– Если это дерево и доска, так нешто можно на коленки становиться перед ней и молиться как Богу? Понял?
Сеня смотрел во все глаза и не понимал. Его мысль шла правильно на лесной двор и на цены досок, а государева мысль вернула совсем куда-то не туда…
– Молиться надо Господу Богу и святой Марии и Христу Иисусу. А доскам нельзя молиться! Понял?
Сеня все смотрел во все глаза и все ничего не понимал.
– Если это дерево, то и доска. И какие краски ни намалюй на ней, чего ни напиши, все-таки будет доска. Понял?
Сеня смотрел не сморгнув, а не понимал ни слова.
Государь двинулся и хотел снова положить икону, которую держал, в кучу рассыпавшихся по полу, но принц, следивший за ним уже давно, взял, почти подхватил икону и передал ее ближайшему, адъютанту Перфильеву. Сеченов тотчас двинулся к адъютанту, принял икону в левую руку, потом, перекрестясь три раза, приложился к ней и поднял глаза на государя. Петр Федорович стоял не двигаясь и слегка раскрыв рот. Еще мгновение – и все ожидали взрыва гнева, при котором государь обыкновенно не стеснялся в выражениях.
– Буду отныне беречь лик первосвятителя земли российской как воспоминание об нынешнем посещении вашего величества, – проговорил Сеченов. – Передам ее сыну и внуку и заповедую им беречь как святое и чтимое наследие из рода в род.

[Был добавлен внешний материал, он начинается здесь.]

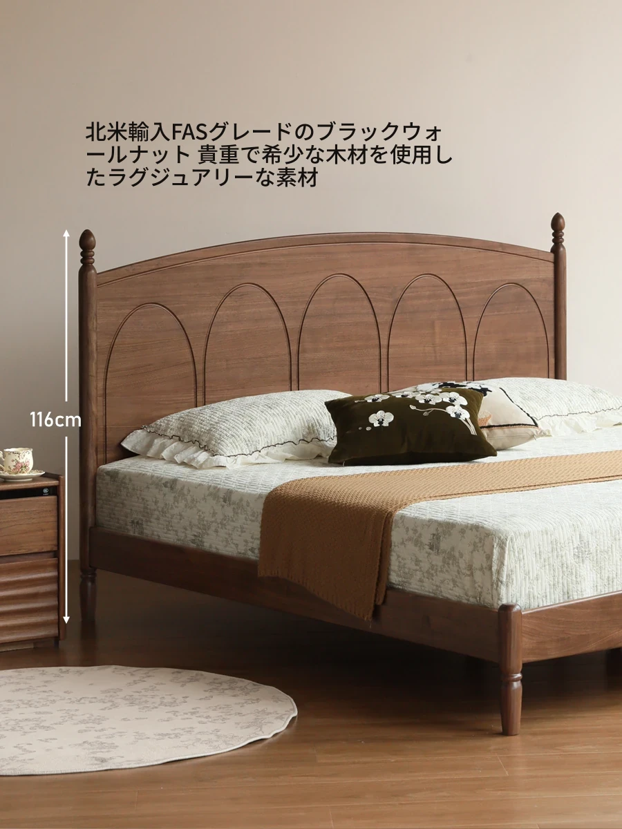 源氏木语の高級パイン材ダブルベッド - フランス風レトロデザインのウォールナット大床、贅沢な寝室家具で心地よい眠りをサポート!

Государь ничего не отвечал, только кивнул головой, повернулся, и все двинулись за ним на паперть.
Только один Фленсбург, все слышавший, видевший и все понимавший, взглянул прямо упорным взглядом в лицо первенствующего члена синода. Сеченов таким же упорным взглядом встретил глаза принцева любимца.
«Хитер ты, кутейник, да и дерзок», – думал Фленсбург, говорили глаза его и улыбка.
Глаза и улыбка Сеченова говорили тоже… о его полном равнодушии, если не презрении и к этому адъютантику из иноземцев, и ко всем остальным, ему подобным.
Через дня три во многих домах и ротных дворах толковалось о том, как государь оттаскал за бороду преосвященного в церкви Сампсония и велел все образа при себе на пол скинуть. Слух этот распространился по городу из квартиры братьев Орловых.
XVIII
В тот же вечер Сеченов, не боявшийся бывать у императрицы, как многие другие, и надеявшийся, что его духовный сан упасет его от всякой беды, приехал к ней с новостью и застал у нее цалмейстера Орлова.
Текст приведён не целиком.